The deep state has deep roots
Published 10:37 am Wednesday, August 15, 2018
This country’s 30th President, Calvin Coolidge, led the nation through the Roaring Twenties, a time of social upheaval and rapidly changing mores. The United States had expended much blood and treasure in World War I, and soldiers returning from the European front contributed to the fast-paced modernization of the U.S.
Coolidge was known as “Silent Cal,” because of his reserved nature and conversational reticence. He took office in 1923 after the sudden death of Warren G. Harding, whose presidency was scandal-ridden. Coolidge was re-elected in 1924 but declined to run for a third term in 1928.
Coolidge was popular initially for cleaning up the corruption in the Harding administration and maintained popularity throughout his terms in the White House. He was a business conservative in favor of limited government, tax cuts and laissez-faire economic policies.
Coolidge was one of the first U.S. presidents to condemn the Deep State. In an address at the College of William and Mary, Williamsburg, Va., on May 15, 1926, he criticized the growing bureaucracy in Washington.
“No method of procedure has ever been devised,” Coolidge said, “by which liberty could be divorced from local self-government. No plan of centralization has ever been adopted which did not result in bureaucracy, tyranny, inflexibility, reaction and decline. Of all forms of government, those administered by bureaus are about the least satisfactory to an enlightened and progressive people. Being irresponsible they become autocratic, and being autocratic they resist all development.
“Unless bureaucracy is constantly resisted,” Coolidge continued, “it breaks down representative government and overwhelms democracy. It is the one element in our institutions that sets up the pretense of having authority over everybody and being responsible to nobody.”
Applying Coolidge’s broadside against big government uttered 92 years ago to today’s Environmental Protection Agency, IRS, Veteran’s Affairs, Department of Education and other behemoth agencies wielding real power in D.C., demonstrates Coolidge’s prescience.
Bureaucracies have been stifling productivity for a long time. The Han Dynasty in ancient China organized a complicated bureaucracy according to the teachings of Confucius. Ancient Egypt and the Roman Empire had their own bureaucratic systems. Today’s European Union is perhaps the apotheosis of the growth of government by unelected, faceless apparatchiks.
The United States is not far behind.
The recent exposure of bureaucratic malefactors has been enlightening, but few get punished. Lois Lerner at the IRS discriminated against conservative 501(c)(3) applicants, took the Fifth Amendment before Congress, then retired with her huge pension intact.
Former IRS Commissioner John Koskinen arrogantly thumbed his nose at congressional oversight, but retired unscathed after a failed impeachment attempt by House Republicans.

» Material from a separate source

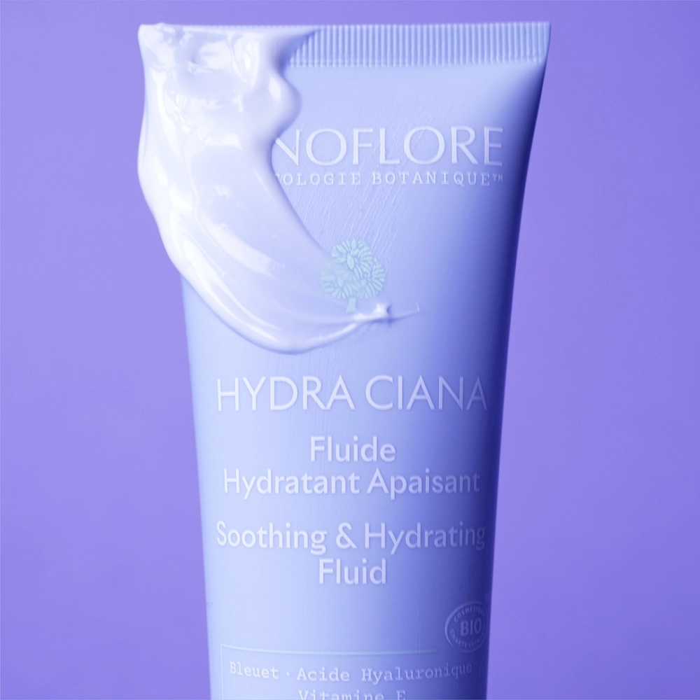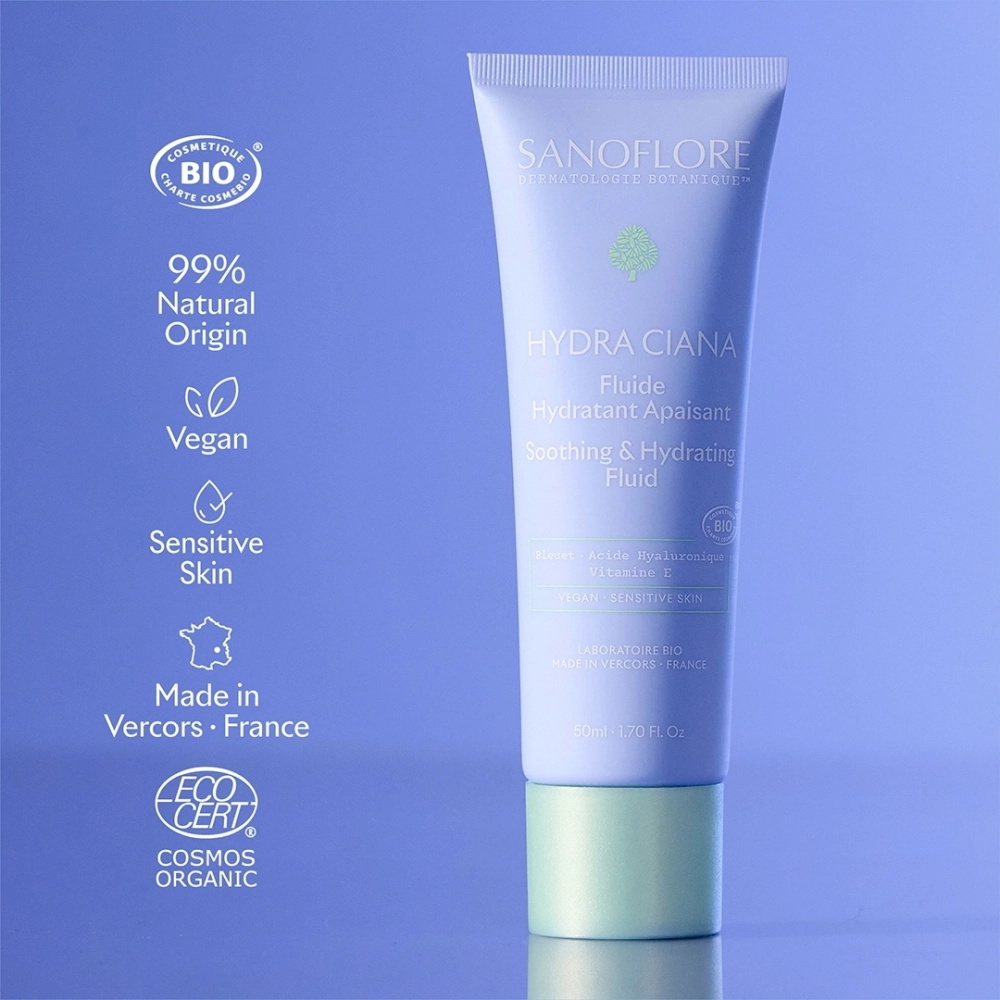 Le Fuide Hydratant Apaisant HYDRA CIANA est un soin vegan formulé à 99 % d’ingrédients d’origine naturelle.

Former Attorney General Eric Holder, refused to turn over documents related to the fast and furious scandal, in which the Bureau of Alcohol, Tobacco, Firearms and Explosives deliberately allowed licensed gun dealers to sell weapons to straw men for Mexican drug cartels. One of the guns was used to kill U.S. Border Patrol agent Brian Terry in 2010. Holder was found in contempt of Congress and referred to a Democrat U.S. Attorney for prosecution, who did nothing. Holder recently announced he was considering a run for the Presidency in 2020.
Gregg Jarrett, in his New York Times Best Seller “The Russia Hoax: The Illicit Scheme to Clear Hillary Clinton and Frame Donald Trump,” describes the Department of Justice, FBI and State Department’s creation of the Russian collusion allegations out of whole cloth, and their engineering of the appointment of Robert Mueller as Special Counsel.
Jarrett’s “Russia Hoax” has generated an entire new roster of potential bureaucratic wrongdoers. The list includes Bruce Ohr, Andrew McCabe, James Comey, Peter Strzok, Lisa Page, John Brennan, Susan Rice, Samantha Power and many, many more. Given the proclivity of the deep state to protect its own, it’s likely that only a few of those involved may suffer significant consequences.
It’s enough to make even Coolidge scream.